3D Two-Hop Cellular Networks with Wireless Backhauled UAVs: Modeling and Fundamentals

In this paper, we characterize the performance of a three-dimensional (3D) two-hop cellular network in which terrestrial base stations (BSs) coexist with unmanned aerial vehicles (UAVs) to serve a set of ground user equipment (UE). In particular, UEs connect either directly to BSs by access links or indirectly through UAVs to BSs by joint access and backhaul links, where the BSs provide wireless backhaul to the UAVs. We consider realistic antenna radiation patterns for both BSs and UAVs using practical models developed by the third generation partnership project (3GPP). We assume a probabilistic channel model for the air-to-ground transmission, which incorporates both line-of-sight (LoS) and non-line-of-sight (NLoS) links. Assuming the max-power association policy, we study the performance of the network in both amplify-and-forward (AF) and decode-and-forward (DF) relaying protocols.
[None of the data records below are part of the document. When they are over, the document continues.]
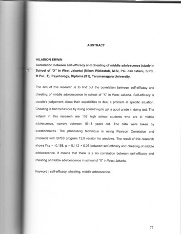 Erwin, Hilarion (2007) Hubungan self efficacy dengan mencontek pada remaja madya. Studi pada sekolah “X” di Jakarta Barat. Skripsi thesis, Universitas Tarumanagara.
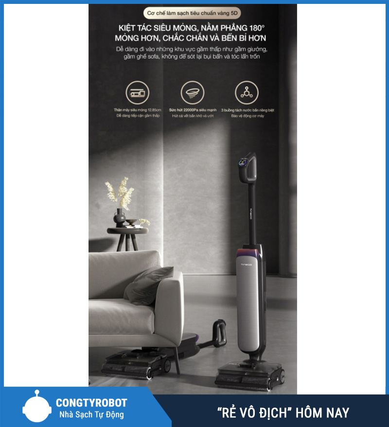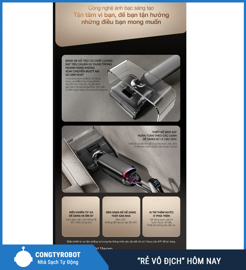 | Kết nối thông minh | Có – Kết nối app Tineco cho hướng dẫn và báo cáo dọn dẹp |
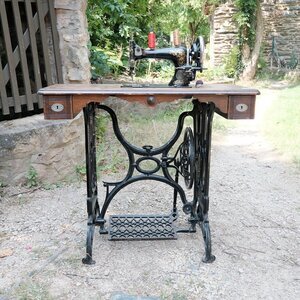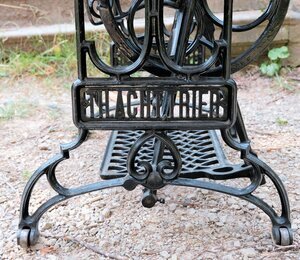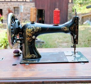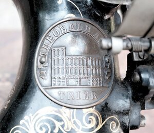 Die Nähmaschine mit dem Namen „Eveline“ ist eine Eigenmarke der Firma Theobald Acht aus Trier. Hergestellt von der Firma Pfaff aus Kaiserslautern. Um welches Modell es sich genau handelt konnten wir nicht mit Sicherheit herausfinden. Die Maschine mit der Herstellungsnummer 1.823 008 stammt aus dem Jahr 1924 und wurde mit Tretantrieb ausgeliefert. Auf beiden Seiten des Gusseisernen Untergestells wurde der Name „Th. Acht, Trier“ schon in die Gussform mit eingearbeitet. Auch auf dem Maschinenarm ist die Metallplakette des Händlers aus Trier, mit der Porta Nigra angebracht. (s. Abbildung) Die Nähmaschine ist schwarz lackiert und mit vielen goldfarbenen Verzierungen versehen, auf denen zwei stilisierten Tauben besonders auffallen. Die Tischplatte ist ringsum mit Intarsien Arbeiten versehen und hat an der Vorderkante –ebenfalls eine Einlegearbeit – eine kombinierte cm/Inch Längentabelle. Auf der Unterseite befinden sich zwei Schubladen, die der Aufnahme von Zubehör dienen. Passend zum Holz der Tischplatte ist die Nähmaschine durch eine Haube geschützt, die mit dem Modellnamen „Eveline“ in goldfarbener Schrift verziert ist. Technisch gesehen handelt es sich um eine Bogenschiffmaschine und Fußantrieb.
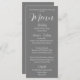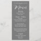 Carte de menu pour dîner en couleur gris foncé pour votre mariage, au style simple, avec un script blanc et stylisé, accompagné de vos informations personnalisées. Modifiez la carte de menu et remplacez le nom et la date du mariage ainsi que les éléments du menu qui seront servis à la réception de votre mariage. Sélectionnez votre style de carte de menu selon vos besoins.
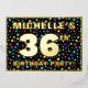 La façade de cette carte d'invitation captivante et optimisée pour les fêtes et fêtes de trente-sixième anniversaire comporte un nom personnalisé, un grand numéro "36e", le message "FÊTE D'ANNIVERSAIRE !", et une frontière. L'arrière - plan de l'avant dispose d'un motif étoilé multicolore et dynamique. Le verso présente des détails personnalisés sur l'événement, tels que la date, l'heure, le lieu et toute autre information pertinente. Des invitations personnalisées comme celles-ci pourraient être une façon amusante pour les invités invitations d’une fête d’anniversaire ou d’une réunion organisée pour célébrer le 36e anniversaire de quelqu’un. [~Z0000600]
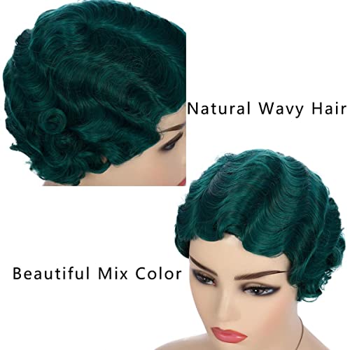 Parrucca Donna Corta Riccia Verde Sintetica 1920 Parrucca Nuna Finger Wave Pixie
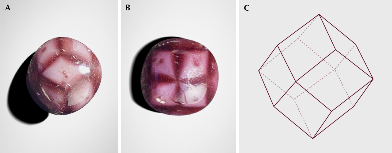The garnet group contains the most gem-quality species for jewelry manufacturing. Phenomenal garnets such as almandine and pyrope species are also known for their four- and six-rayed asterism. Nevertheless, the trapiche structure found in emerald, ruby, sapphire, tourmaline, and quartz is extremely rare in garnet. This structure can be considered an immobile star phenomenon. Inclusions and color zoning are responsible for the formation of two-, four-, or six-arm trapiche patterns.
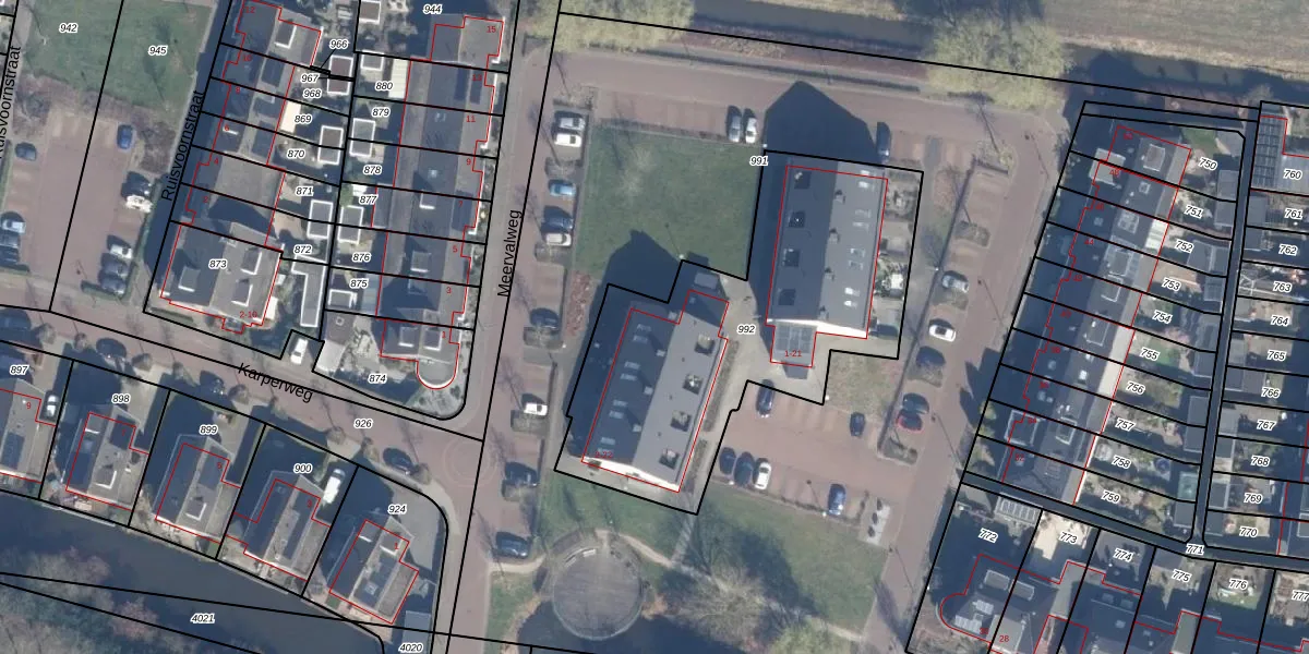 Meervalweg 8 is gelegen op kadastraal perceel ENS00K992. Deze kadastrale aanduiding is uniek en wordt gebruikt door het Kadaster om eigendomsrechten en andere zakelijke rechten vast te leggen. Het perceel maakt onderdeel uit van de kadastrale gemeente Eemnes.
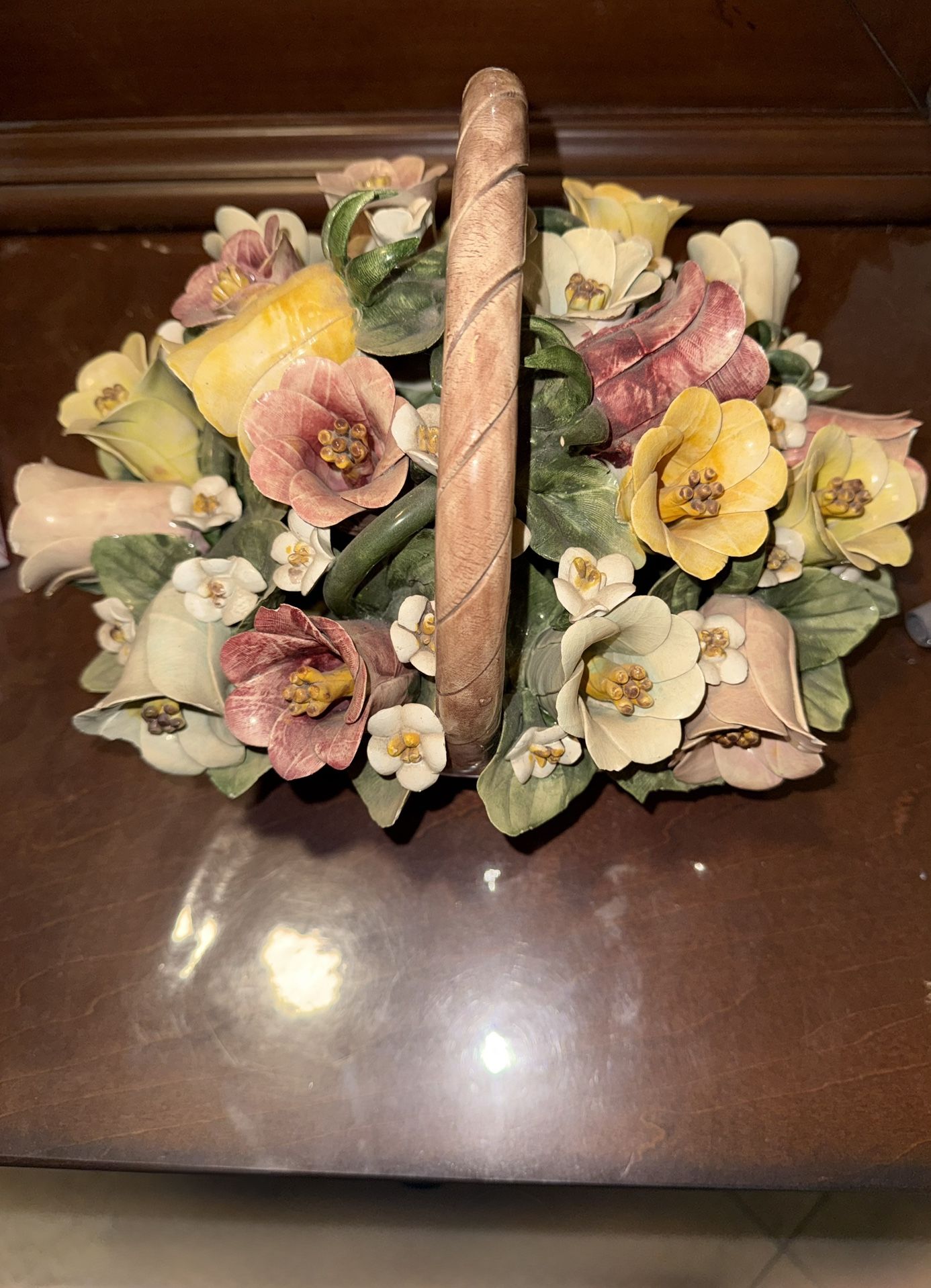 Vintage porcelain floral basket with hand-made flowers and leaves. Capodimonte-style design with pastel colors and detailed craftsmanship. Decorative piece only (not functional basket). Clean vintage condition with no obvious damage. Great display item for home décor or collectors.
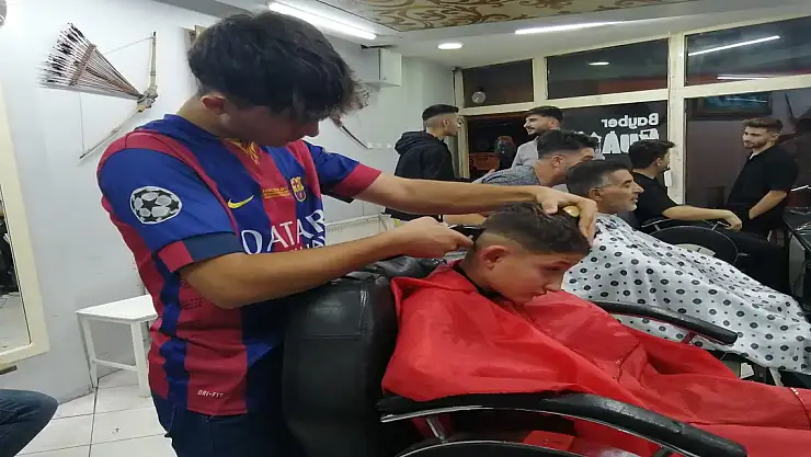 Okulların açılmasına sayılı günler kala, Ağrı'da berberlerde yoğun mesai başladı.
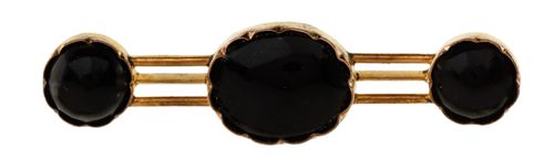 ONYX BROOCH, in gold (15ct; 5.80g; 46x11.5mm), by JMW (J.M.Wendt), features a thin triple bar with a central oval onyx and at each end is a circular onyx, pin-back with loop provision for safety chain. Good very fine.
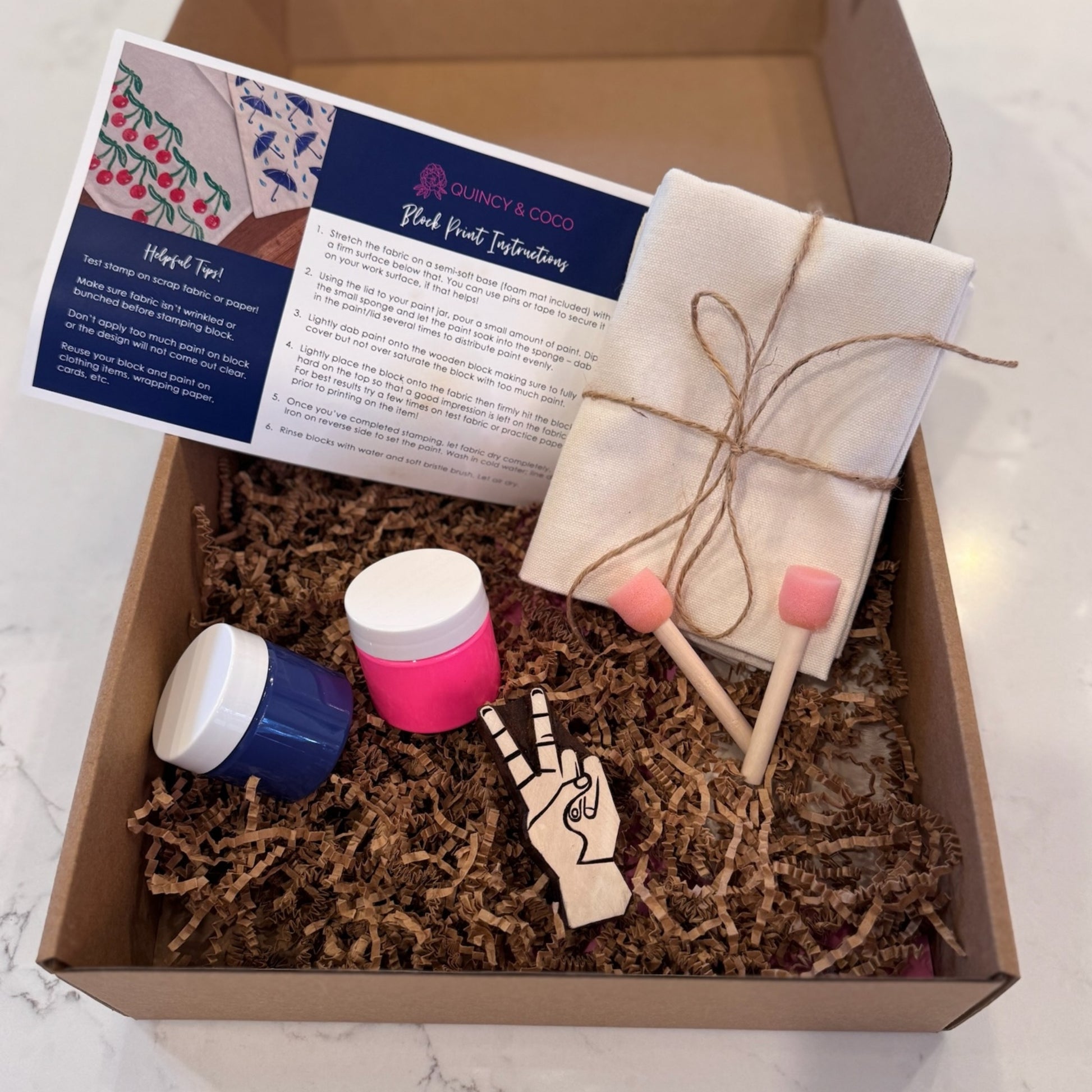 Unbox creativity, joy and peace with a Quincy & Coco at-home Block Print Kit. This is a complete step-by-step experience that brings the ancient craft of Indian block printing to your fingertips.Â
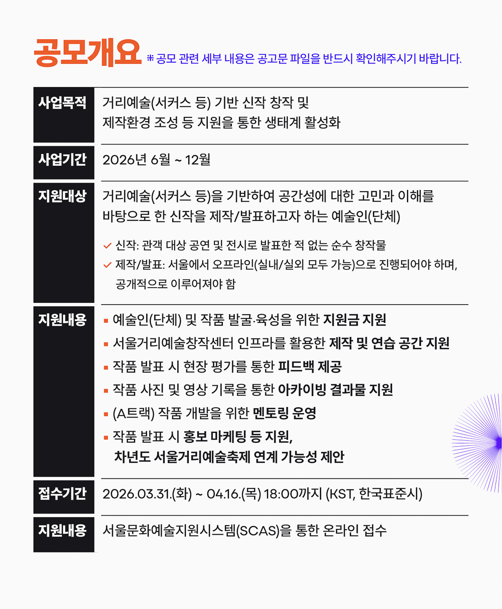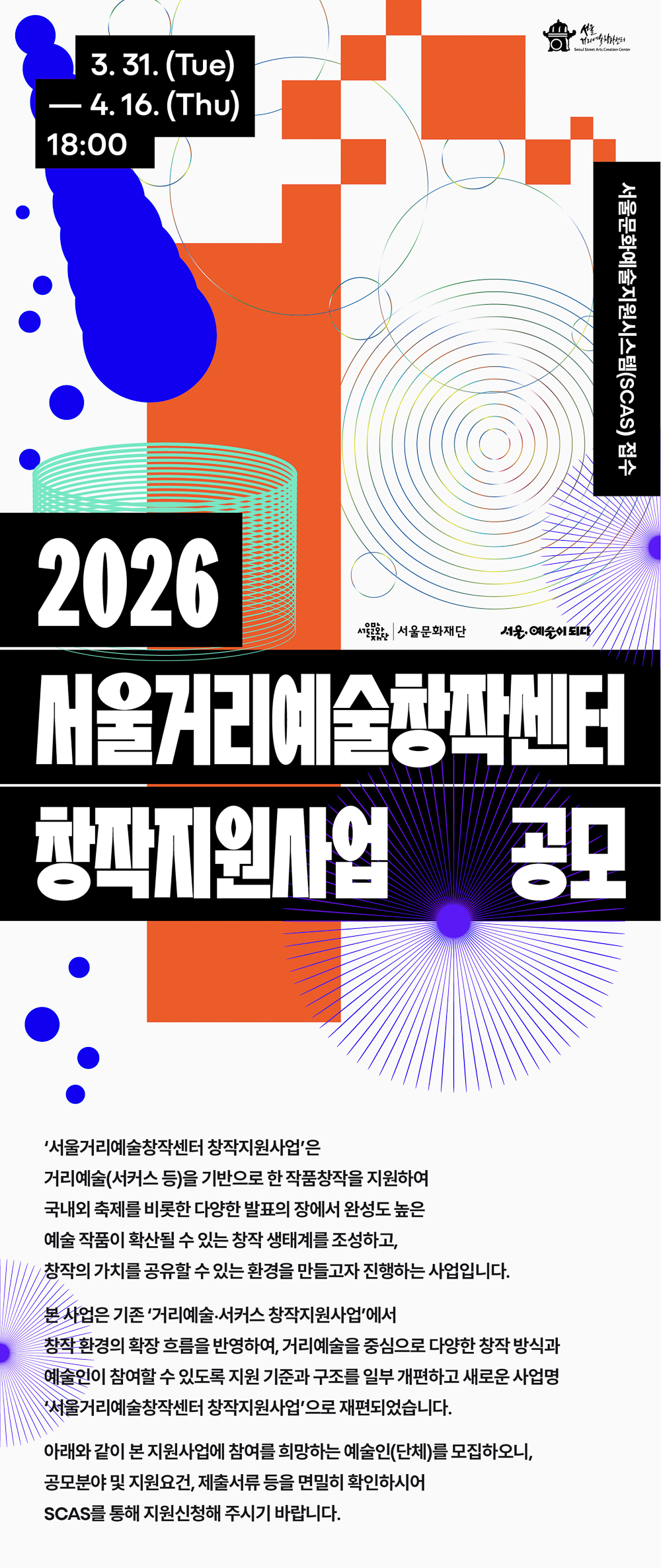 [서울문화재단] 2026 서울거리예술창작센터 창작지원사업 공모
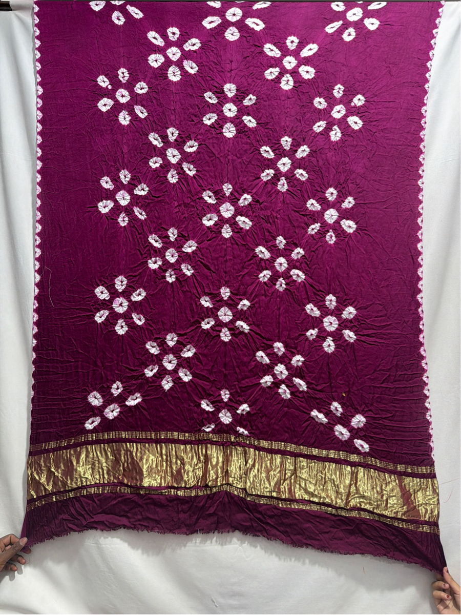Kala Sanskruti Wine & White Color Art Silk Bandhani Dress 2.5 M Each Piece Elegant Traditional Wear Art Silk Dress for Women

Using tools from stochastic geometry, we analyze the joint distribution of distance and zenith angle of the closest (and serving) UAV to the origin in a 3D setting. Further, we identify and extensively study key mathematical constructs as the building blocks of characterizing the received signal-to-interference-plus-noise ratio (SINR) distribution. Using these results, we obtain exact mathematical expressions for the coverage probability in both AF and DF relaying protocols. Furthermore, considering the fact that backhaul links could be quite weak because of the downtilted antennas at the BSs, we propose and analyze the addition of a directional uptilted antenna at the BS that is solely used for backhaul purposes. The superiority of having directional antennas with wirelessly backhauled UAVs is further demonstrated via simulation.